A conexão mente-músculo que vai mudar seu jogo
Durante o sexo, a mente é o maestro. Se você está ansioso, contrai o assoalho pélvico instintivamente. Isso eleva a excitação simpática e acelera o reflexo ejaculatório. Por isso, técnicas de mindfulness são válidas. Mas vou te dar uma dica tática:
- Visualize o relaxamento: antes e durante a relação, pense em ‘soltar’ o períneo, como se ele estivesse derretendo. Isso paradoxalmente aumenta a sensibilidade e o controle.

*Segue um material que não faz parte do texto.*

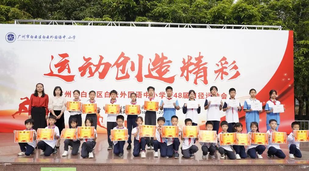 自白云外国语中小学第48届体育节开幕以来,我们陆续进行了中小学“校长杯”篮球赛,组织学生参加新市片运动会,组织教职员工参加线上健步打卡,并在2023年10月26-27日举行了第48届校园田径运动会。10月30日清晨,学校进行了校运会的总结和颁奖仪式,并宣布本届校运会及体育节圆满闭幕。
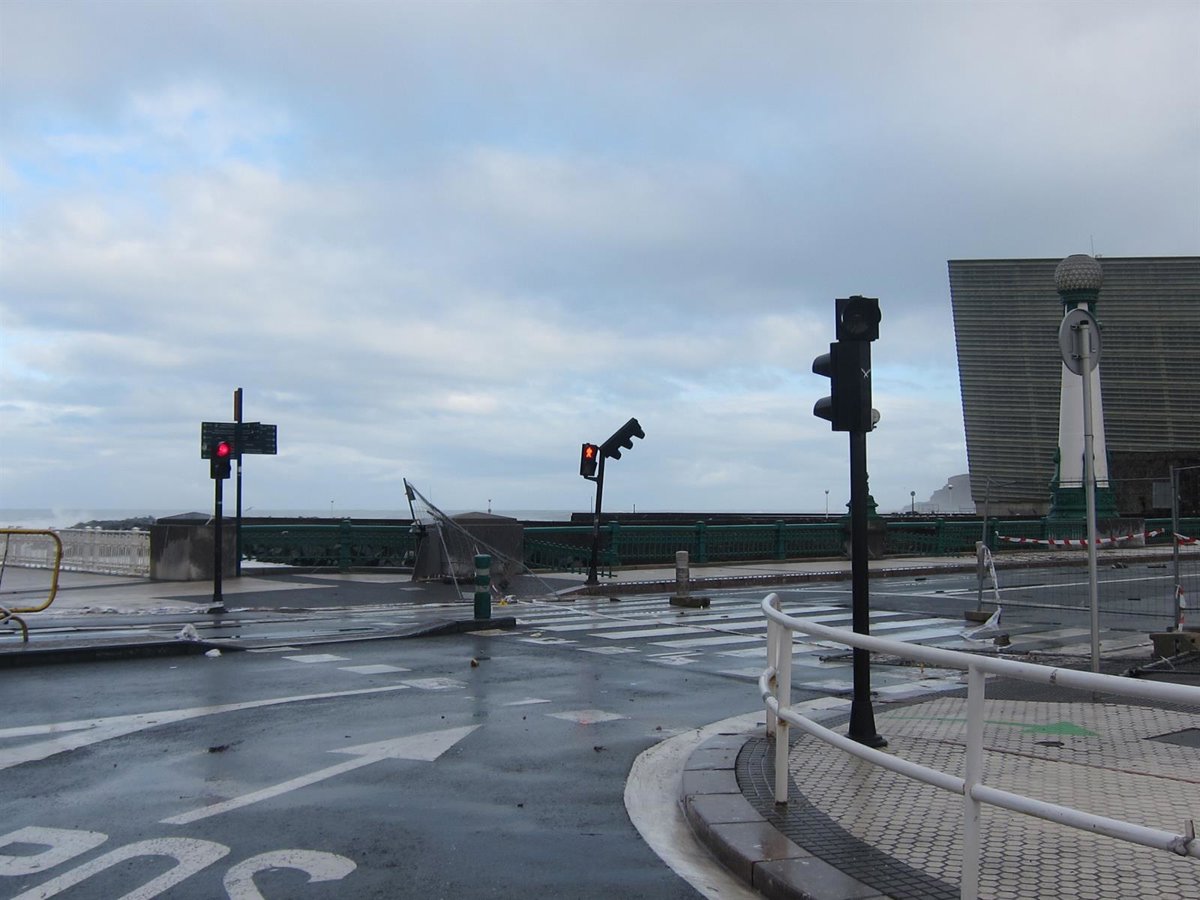 El Ayuntamiento de San Sebastián ha informado del cierre este viernes el puente del Kursaal, como medida preventiva por el temporal de olas de hasta siete metros previsto hasta el sábado.

- Use a respiração como ‘freio’: quando sentir que vai perder o controle, expire profundamente e solte os ombros. Isso força o nervo vago a agir e desacelera o sistema nervoso.
Riscos de uma abordagem isolada
Se você ignorar este conselho e continuar com apenas Kegel tradicional, os riscos são reais: você pode desenvolver uma disfunção chamada ‘asma do assoalho pélvico’ – um espasmo contínuo que causa dor, perda de sensibilidade, e piora da ereção. Em casos extremos, pode levar a dores testiculares e até prisão de ventre. Não quero te assustar, mas quero que você entenda que a força sem flexibilidade é um tiro no pé.
Conclusão final sem rodeios
Chega de seguir cegamente o que um influencer disse. O assoalho pélvico é um ecossistema, não um músculo de academia. Você precisa de força, mas também de alongamento, liberação e consciência. Integre estas três fases na sua rotina e me conte o resultado.
E se você já faz Kegel há meses sem melhora, talvez seja hora de parar e começar pelo relaxamento. Lembre-se: o seu corpo não é um inimigo. Ele está apenas pedindo que você escute os sinais.